WHAT IS NEEDED:
Among the entries below, which lines run from the line with "台湾av预告丨Professor Martin Lames:Actual" through the line with "Glass plate negative"? Retype those, both ends included, exactly and without pictures.

DATA FOR THIS EXERCISE:

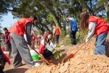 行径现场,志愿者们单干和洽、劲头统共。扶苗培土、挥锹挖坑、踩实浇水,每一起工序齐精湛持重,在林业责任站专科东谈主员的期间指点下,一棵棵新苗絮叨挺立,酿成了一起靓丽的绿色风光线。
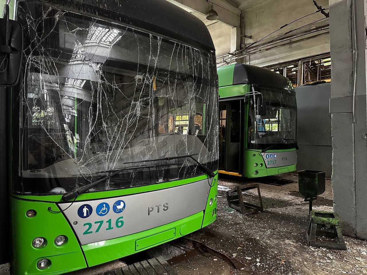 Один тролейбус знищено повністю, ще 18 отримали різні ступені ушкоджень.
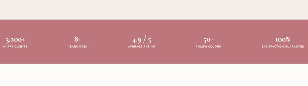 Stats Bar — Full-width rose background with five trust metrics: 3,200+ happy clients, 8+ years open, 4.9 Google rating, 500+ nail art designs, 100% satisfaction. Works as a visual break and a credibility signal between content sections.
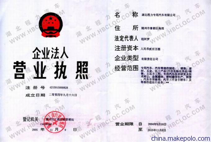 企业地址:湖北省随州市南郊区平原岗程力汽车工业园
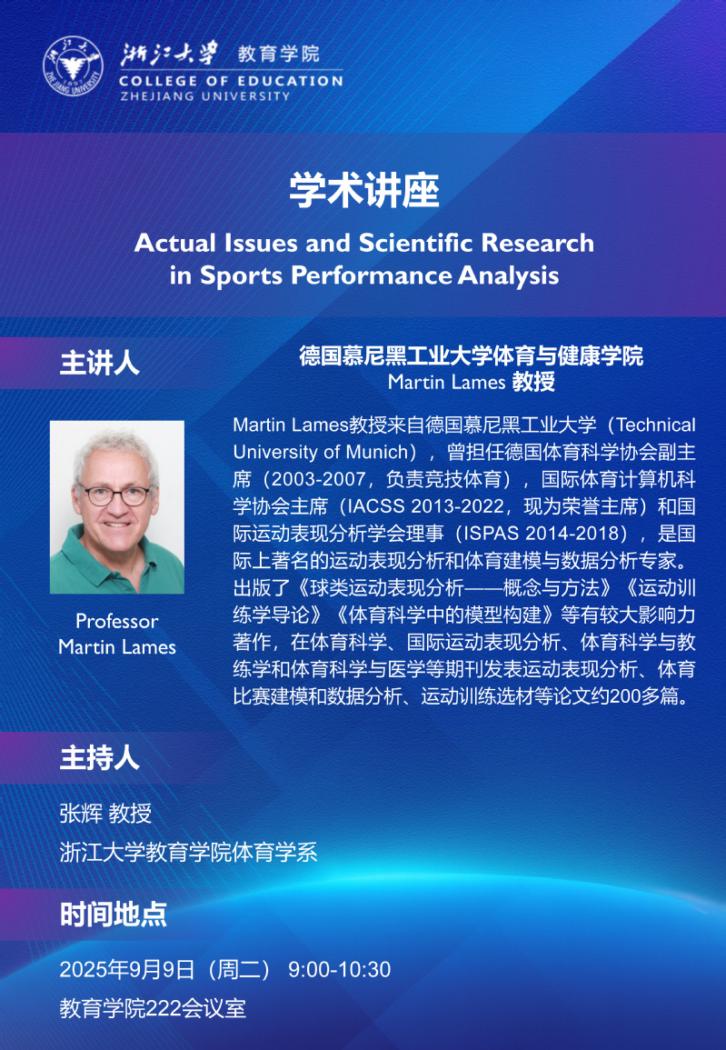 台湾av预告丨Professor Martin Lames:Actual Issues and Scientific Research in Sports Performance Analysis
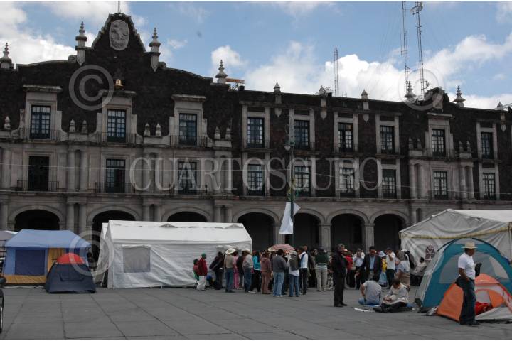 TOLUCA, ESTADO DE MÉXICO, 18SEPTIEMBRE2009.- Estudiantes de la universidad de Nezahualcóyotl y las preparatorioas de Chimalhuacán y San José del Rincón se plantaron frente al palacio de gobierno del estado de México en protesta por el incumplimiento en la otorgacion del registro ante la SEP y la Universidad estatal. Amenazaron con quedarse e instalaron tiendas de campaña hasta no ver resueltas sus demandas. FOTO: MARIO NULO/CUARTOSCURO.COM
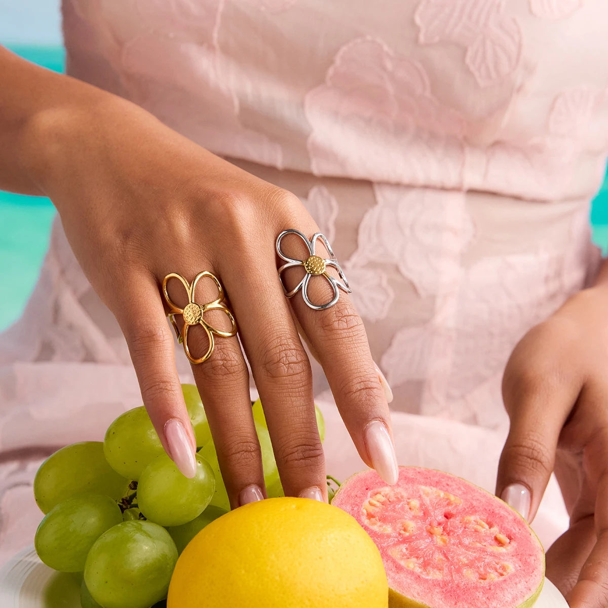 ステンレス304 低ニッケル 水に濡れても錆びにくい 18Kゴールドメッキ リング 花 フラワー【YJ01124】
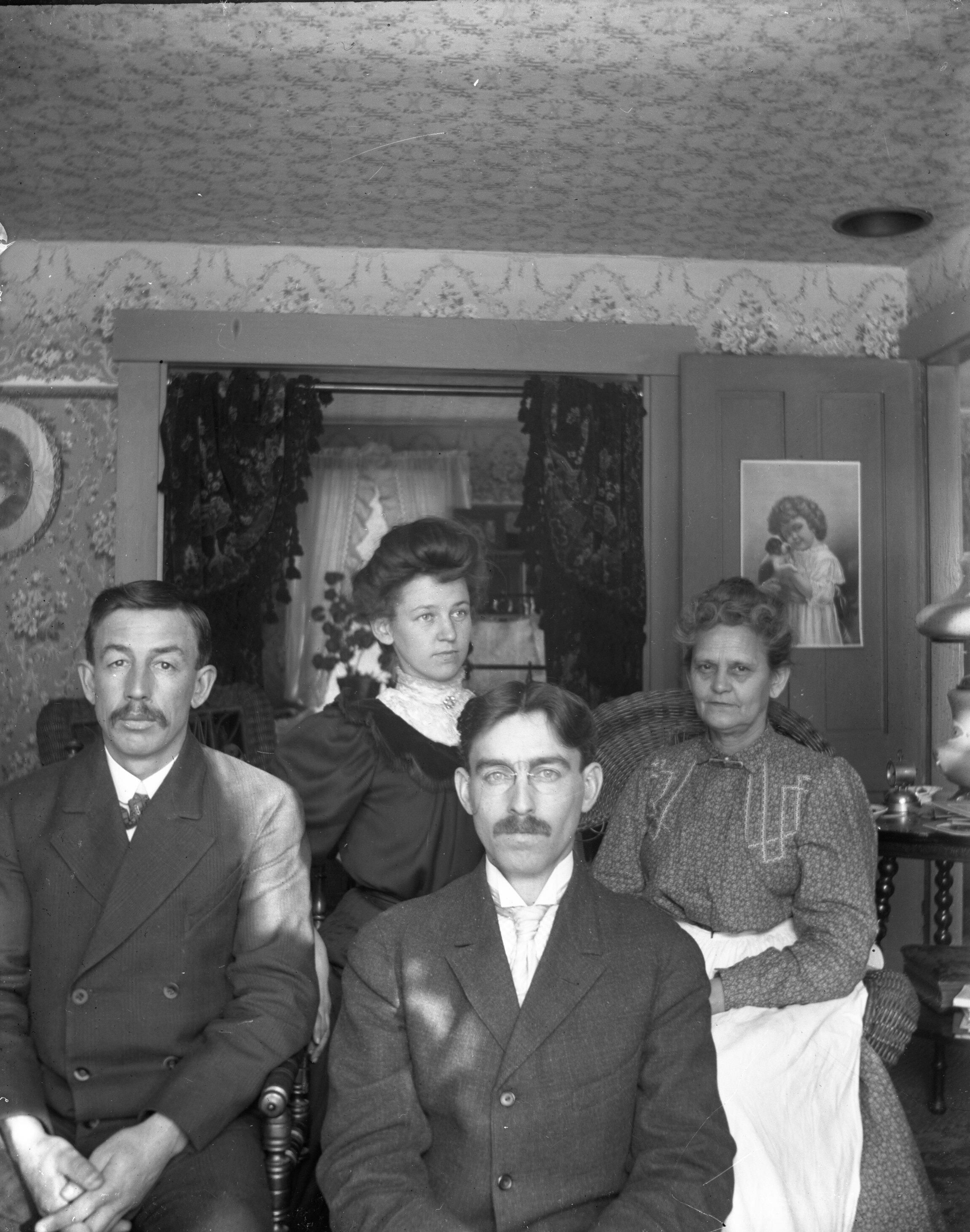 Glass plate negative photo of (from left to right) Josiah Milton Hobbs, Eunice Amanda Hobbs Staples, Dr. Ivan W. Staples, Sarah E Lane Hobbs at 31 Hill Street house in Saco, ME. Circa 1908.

...

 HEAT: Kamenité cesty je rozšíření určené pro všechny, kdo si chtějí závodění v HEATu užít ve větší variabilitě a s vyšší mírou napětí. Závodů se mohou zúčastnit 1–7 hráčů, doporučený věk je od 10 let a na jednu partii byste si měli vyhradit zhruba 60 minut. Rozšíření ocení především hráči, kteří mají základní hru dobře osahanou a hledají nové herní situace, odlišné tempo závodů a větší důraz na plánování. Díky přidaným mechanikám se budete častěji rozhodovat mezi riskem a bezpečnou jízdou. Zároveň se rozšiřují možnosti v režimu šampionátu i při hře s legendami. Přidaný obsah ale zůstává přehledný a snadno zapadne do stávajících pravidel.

--

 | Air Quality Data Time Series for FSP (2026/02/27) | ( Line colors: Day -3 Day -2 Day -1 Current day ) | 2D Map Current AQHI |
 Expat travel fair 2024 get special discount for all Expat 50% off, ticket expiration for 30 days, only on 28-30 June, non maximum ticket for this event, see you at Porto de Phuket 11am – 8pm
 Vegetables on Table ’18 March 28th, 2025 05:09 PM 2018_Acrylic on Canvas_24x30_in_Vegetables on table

TASK ANSWER:
 台湾av预告丨Professor Martin Lames:Actual Issues and Scientific Research in Sports Performance Analysis
 TOLUCA, ESTADO DE MÉXICO, 18SEPTIEMBRE2009.- Estudiantes de la universidad de Nezahualcóyotl y las preparatorioas de Chimalhuacán y San José del Rincón se plantaron frente al palacio de gobierno del estado de México en protesta por el incumplimiento en la otorgacion del registro ante la SEP y la Universidad estatal. Amenazaron con quedarse e instalaron tiendas de campaña hasta no ver resueltas sus demandas. FOTO: MARIO NULO/CUARTOSCURO.COM
 ステンレス304 低ニッケル 水に濡れても錆びにくい 18Kゴールドメッキ リング 花 フラワー【YJ01124】
 Glass plate negative photo of (from left to right) Josiah Milton Hobbs, Eunice Amanda Hobbs Staples, Dr. Ivan W. Staples, Sarah E Lane Hobbs at 31 Hill Street house in Saco, ME. Circa 1908.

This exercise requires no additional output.